Thursday, February 10, 2011

Hammerhead


James Bond had many imitators, both in film, and on the printed page. Charles Hood, the creation of James Mayo, was one of the first. First appearing in Hammerhead in 1964, (the year of Ian Fleming's death), Hood sauntered through a subsequent four or five novels, without ever really capturing the public imagination in the way Bond had. That said, on the basis of the first book - which I recently read after buying a copy from a charity shop - Hood is a superior example of the Bond knock-off. Which, perhaps, shouldn't be surprising as author James Mayo was actually the pseudonym of journalist Stephen Coulter, who had been a friend of Fleming's. The novel incorporates all the elements you'd expect in a Bond novel: the exotic locations, evil foreign villain, lots of descriptions of a luxury lifestyle most readers could never hope to enjoy, beautiful, yet ultimately submissive, women and bursts of savage violence. It most resembles a genuine Bond novel in the way in which its plot is pretty much perfunctory, (some nonsense about the villain replacing a top NATO official with a double so as to steal defence secrets), merely a peg to hang the travelogue on, and in the degree of sadism on show.
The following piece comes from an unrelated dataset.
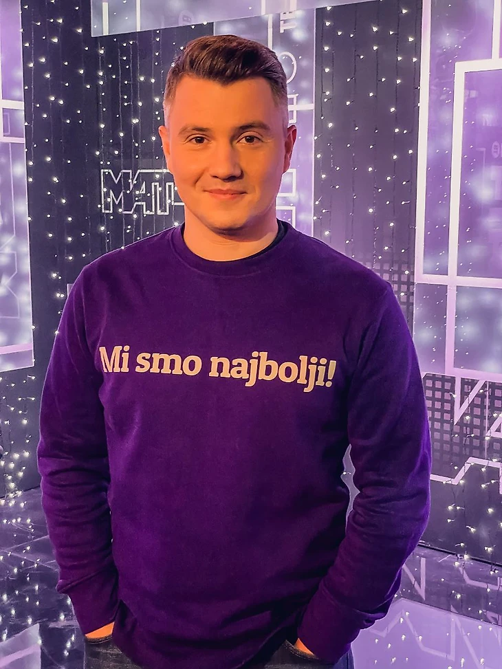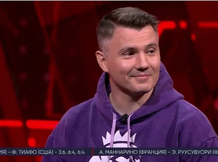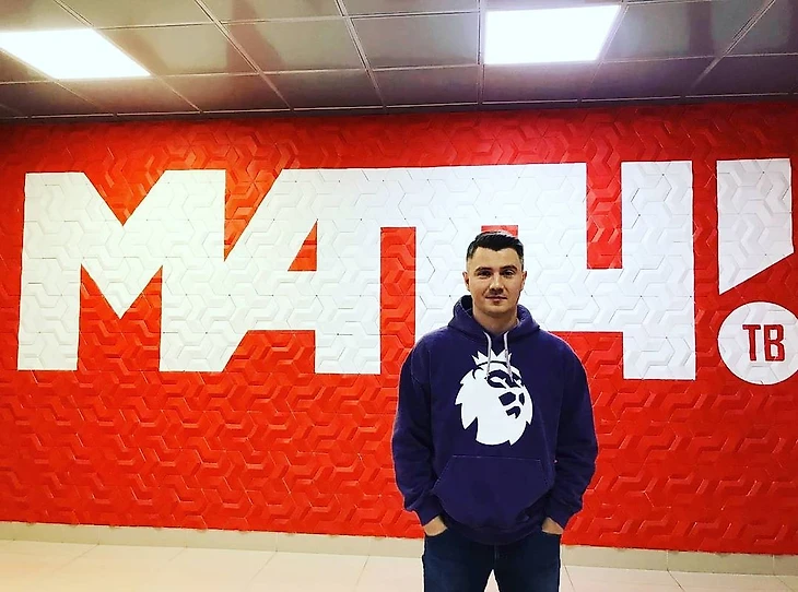 Мы снова увидим Стогниенко на «Матч ТВ» в фиолетовом – год назад он поздравил канал с юбилеем в фирменной толстовке «Okko»

Like Bond before him, Hood seems to spend an inordinate amount of time as the prisoner of the villain, and subjected to some horrendous and very painful tortures. Indeed, I've always suspected that Bond was actually a secret masochist, and only worked as a secret agent because of the opportunities it afforded him to be beaten up and abused. It's probably something to do with the public scholl system, if you ask me. Anyway, such scenes seem to be a vital ingredient in any Bond knock-off and, in this respect, Hammerhead doesn't disappoint. In fact, it's pretty amazing that Hood is able to stand, let alone chase villains across Paris before indulging in a brutal fist fight with the main bad guy, after all that he has to endure. Although, like the Bond novels, Hammerhead slightly pre-dates the 'Swinging' phase of the sixties, it certainly takes advantage of increasingly liberal attitudes, with far more female flesh on 'display', so to speak, than Fleming ever got away with. Which brings me to another aspect of this type of fiction which fascinates me: the way in which the heroes, who are essentially establishment figures, are happy to take advantage of the increasingly 'permissive society', with its laxer moral stance toward sex.

Anyway, like Bond, Hood made it to the big screen, with Hammerhead being filmed in 1968. I don't actually recall ever seeing this film, (although I know it used to turn up in ITV's all night schedules quite regularly in the late 1970s and early 1980s), and it isn't available on DVD, so I can't really offer any judgement on it's quality. However, you can see the opening six and a half minutes or so here:



Clearly, some changes from the source novel have been made - you'll search in vain for any scene like this one in the book, which has a completely different opening. Also, Hood has become American, (presumably in the name of a US distribution deal). Also, based on what I've read in online reviews, Hood infiltrates the villain's organisation by offering to sell him some rare pornography. In the book he's selling him some paintings, (Hood's cover is as an art dealer). Interestingly, the porn angle does have some basis in the novel, as one of villain's main sidekick's has a corset fetish, (we're back to the public schools again), and the book climaxes in a chase through an underwear fashion show, with lots of scantily clad female models. Sadly, I believe the film has a more conventional denouement.